Class MultiChunk

  • Direct Known Subclasses:
    ZipMultiChunk

    public abstract class MultiChunk
    extends java.lang.Object
    A multichunk represents the container format that stores one to many Chunks. Multichunks are created during the chunking/deduplication process by a MultiChunker.

    There are two modes to handle multichunks:

    • When a new multichunk is written and filled up with chunks, the Deduper makes sure that chunks are only added until a multichunk's minimum size has been reached, and closes the multichunk afterwards. During that process, the write() method is called for each chunk, and isFull() is checked for the size.
    • When a multichunk is read from a file or an input stream, it can be processed sequentially using the read() method (not used in current code!), or in a random order using the getChunkInputStream() method. Because of the latter method, it is essential that random read access on a multichunk is possible.
    • Constructor Detail

      • MultiChunk

        public MultiChunk​(MultiChunkEntry.MultiChunkId id,
                          int minSize)
        Creates a new multichunk.

        This method should be used if the multichunk identifier is known to the calling method. This is typically the case if a new multichunk is written.

        Parameters:
        id - Unique multichunk identifier (can be randomly chosen)
        minSize - Minimum multichunk size, used to determine if chunks can still be added
      • MultiChunk

        public MultiChunk​(int minSize)
        Creates a new multichunk.

        This method should be used if the multichunk identifier is not known to the calling method. This is typically the case if a multichunk is read from a file.

        Parameters:
        minSize - Minimum multichunk size, used to determine if chunks can still be added
    • Method Detail

      • write

        public abstract void write​(Chunk chunk)
                            throws java.io.IOException
        In write mode, this method can be used to write Chunks to a multichunk.

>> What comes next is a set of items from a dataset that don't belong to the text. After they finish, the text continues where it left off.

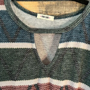 First Love Maroon And Teal Aztec Print Long Sleeve Top Size Small
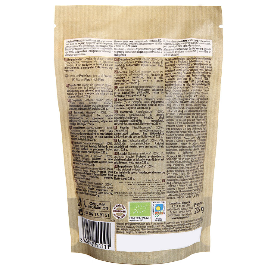 Mua tại Tiktok- Hạt Hướng Dương Hữu Cơ NaturGreen (225g) với thành phần 100% Organic được nhập khẩu từ Tây Ban Nha, an toàn khi sử dụng.
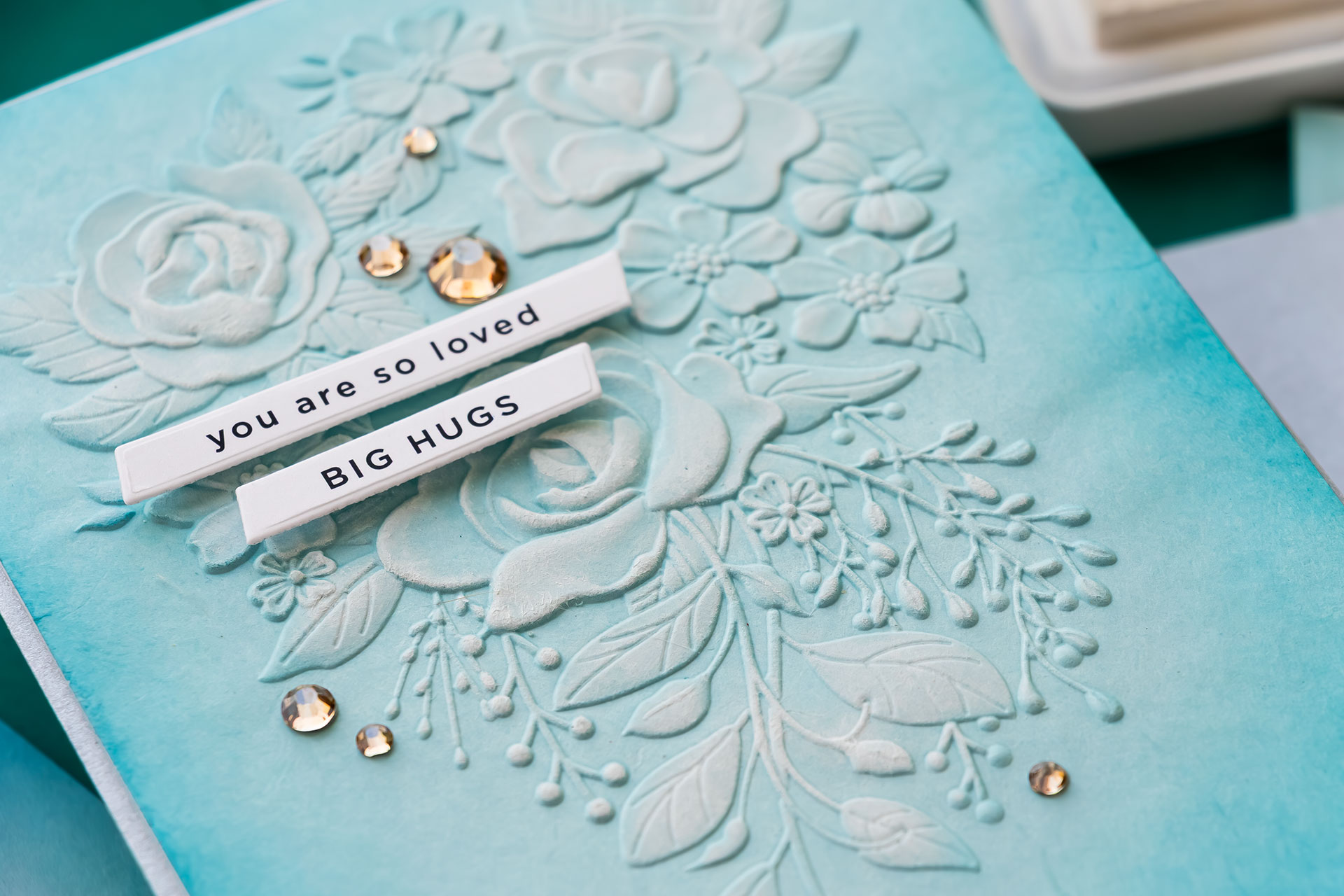 At this point, the embossed panel already makes a beautiful background. You could simply attach it to a card base and add a sentiment for a clean and elegant design. From here, we can also enhance the design with a few additional techniques.

        Implementations must increase the size by the amount written to the multichunk (input size sufficient) and make sure that (if required) a header is written for the first chunk.

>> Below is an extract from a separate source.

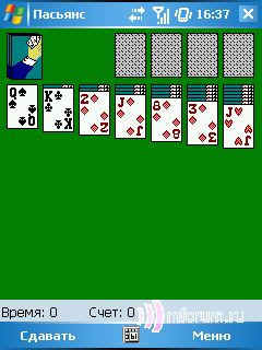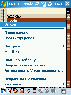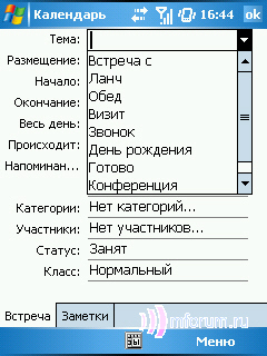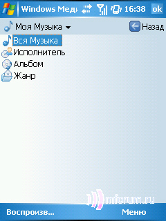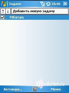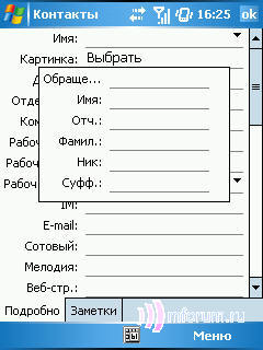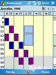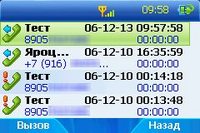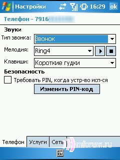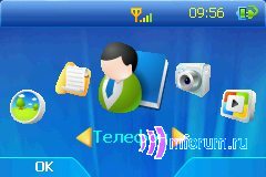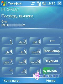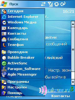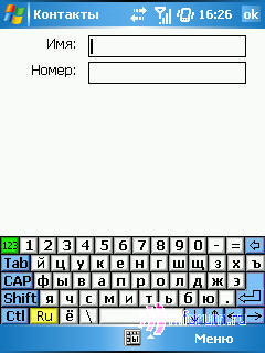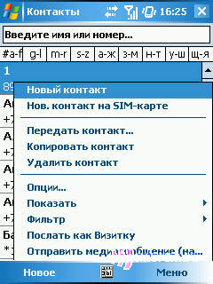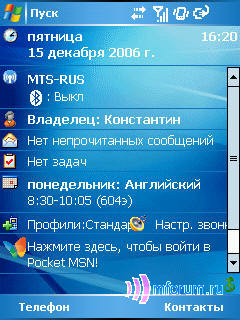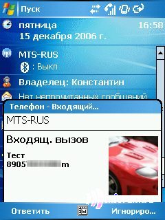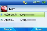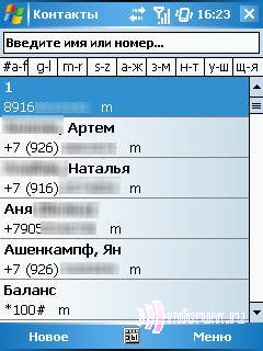 Телефон - приложение для голосовых звонков. При выборе этого пункта открывается телефонная книга, возможности которой ограничиваются поиском нужного абонента, выбора нужного номера телефона и звонка по этому номеру. Особенность - поиск осуществляется традиционным для WinMobile способом, при нажатии на цифровую кнопку выводятся все имена, в которых содержится одна из всех букв, закрепленных за этой кнопкой. То есть, чтобы быстро найти всех, чья фамилия начинается с "Суб", нужно всего лишь нажать последовательно 6, 6, 2. При этом также будут выведены контакты на "Ста", "Тув" и другие комбинации. Надо сказать, что функция несколько урезана по сравнению с обычной версией - нельзя производить поиск по именам, только по фамилиям и номерам телефона.
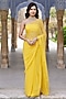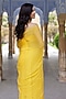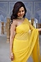 Featuring a yellow saree in chiffon base with mukaish hand embroidery. It is paired with a crepe blouse and a cotton underskirt. Perfect for weddings or day events ceremonies. The timeless design of this saree will add a festive touch to any occasion.

        Implementations do not have to check whether or not a multichunk is full. This should be done outside the multichunker/multichunk as part of the deduplication algorithm in the Deduper.

        Parameters:
        chunk - Chunk to be written to the multichunk container
        Throws:
        java.io.IOException - If an exception occurs when writing to the multichunk
      • read

        public abstract Chunk read()
                            throws java.io.IOException
        In read mode, this method can be used to sequentially read Chunks from a multichunk. The method returns a chunk until no more chunks are available, at which point it will return null.

        If random read access on a multichunk is desired, the getChunkInputStream() method should be used instead.

        Returns:
        Returns the next chunk in the opened multichunk, or null if no chunk is available (anymore)
        Throws:
        java.io.IOException - If an exception occurs when reading from the multichunk
      • getChunkInputStream

        public abstract java.io.InputStream getChunkInputStream​(byte[] checksum)
                                                         throws java.io.IOException
        In read mode, this method can be used to read Chunks in random access mode, using a chunk checksum as identifier. The method returns a chunk input stream (the chunk's data) if the chunk is found, and null otherwise.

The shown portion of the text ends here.